George H. W. Bush, initially decrying Reagan’s economic worldview as “voodoo economics,” embraced it, as did Bill Clinton, who really kicked the door down on tariffs and “protectionism” by signing the United States up for the full GATT, the creation of the World Trade Organization (WTO), and the North American Free Trade Agreement (NAFTA), all benefiting the transnational corporations that had come to dominate political contributions for both the Republican and the Democratic parties by the 1980s. Their campaign contributions, in turn, benefited the 537 elected members of the House, Senate, and executive branch of government (president and vice president).
For the first time in its history, our country’s smaller and medium-size industries stood essentially naked and defenseless against those of other fully developed nations, most of which were still holding in place tariffs, R-and-D supports, and intense support of the commons infrastructure, including free higher education and free health care. While today both China and India have import tariffs that average between 20 and 30 percent on manufactured goods (to protect their domestic industries and markets), we’ve dropped our tariffs from a 1973 average of 12 percent to today’s average of around 2 percent.
The result was just what Alexander Hamilton feared: the rapid unraveling of the American middle class as the nation bled its industrial base into the gutter of cheap labor countries.
As wealth dramatically increases in the top 1 percent of America and the middle class shrinks, the working poor become even poorer.

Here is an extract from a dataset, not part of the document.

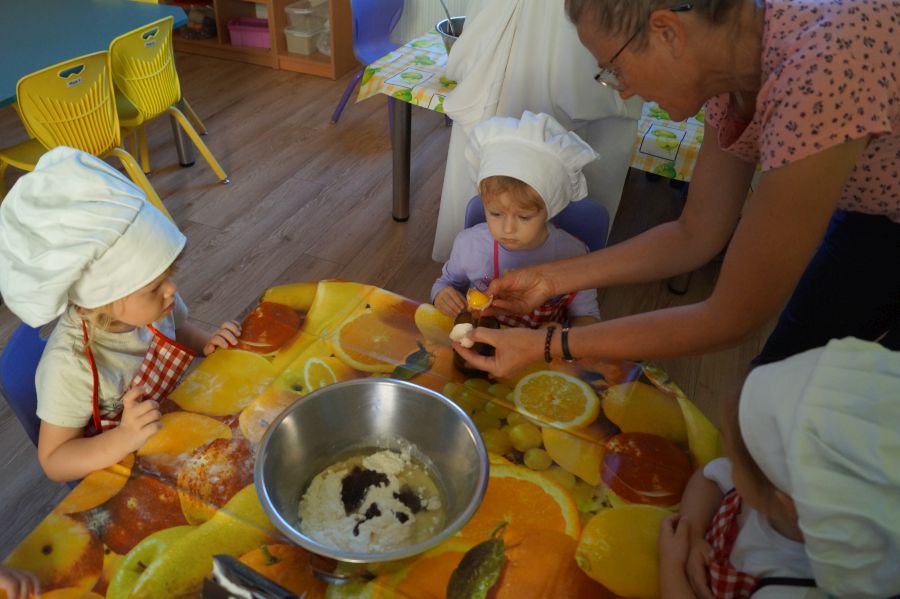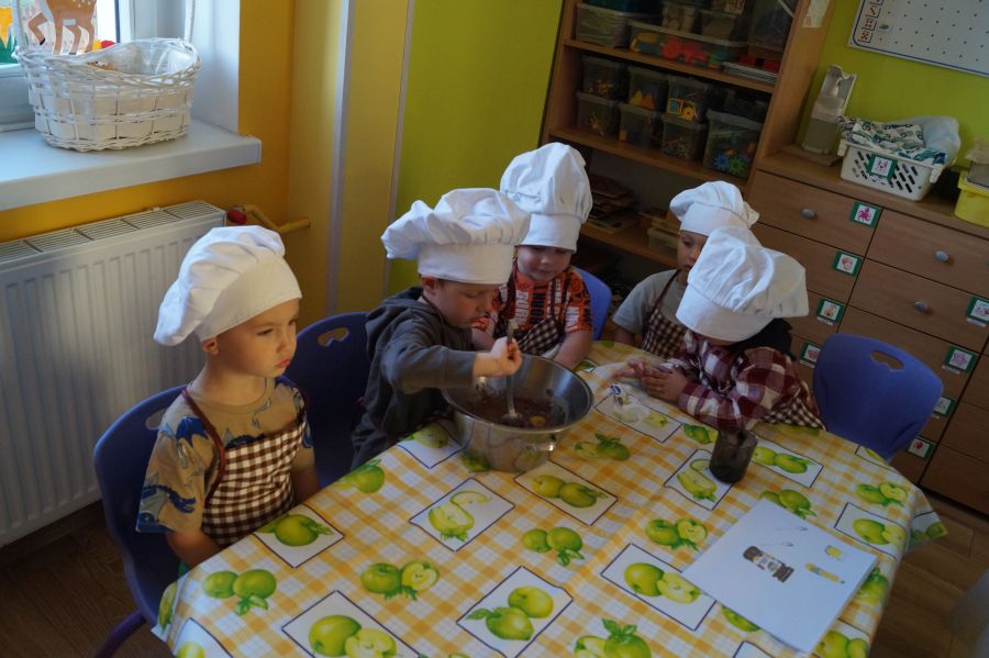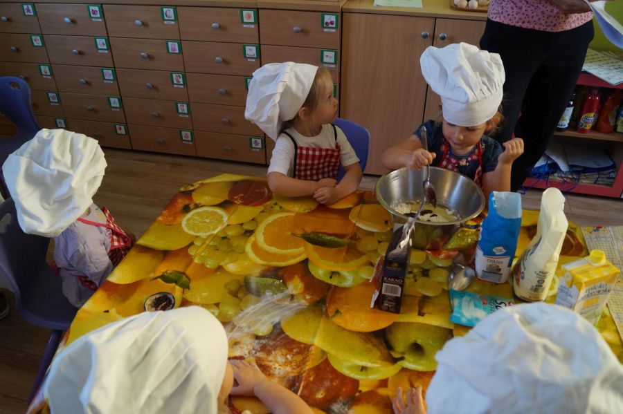 Grupa młodsza chętnie podejmuje różne wyzwania ;). Tym razem dzieci upiekły ciasto z powidłami, odmierzały składniki, mieszały dzielnie, a na koniec wszystko chętnie zjadły.

Between the election of George W. Bush and 2007, the four hundred richest individuals in America (virtually all associated with transnational corporations) saw their wealth increase from $1.0 trillion to $1.6 trillion—an increase of $600 billion. During that same time the real income of the average wage earner fell by between $2,000 and $4,000 (depending on whose numbers you’re using and whether you include the top 1 percent in the calculations). The top 1 percent of Americans get 90 percent of all income, and own 50 percent of all wealth. This growing edge between the haves and the have-nots has, in the past, brought civilizations to a threshold of cultural, economic, and political change—and often change that’s violent, painful, or even democracy-ending.
On the other hand, the lesson of cultures that have made the transition from the Victorian (and Greenspanian) notion of raw capitalism to a regulated capitalism that benefits both the captains of industry and the working class shows that it’s possible to enhance democracy and freedom while providing a healthy social safety net.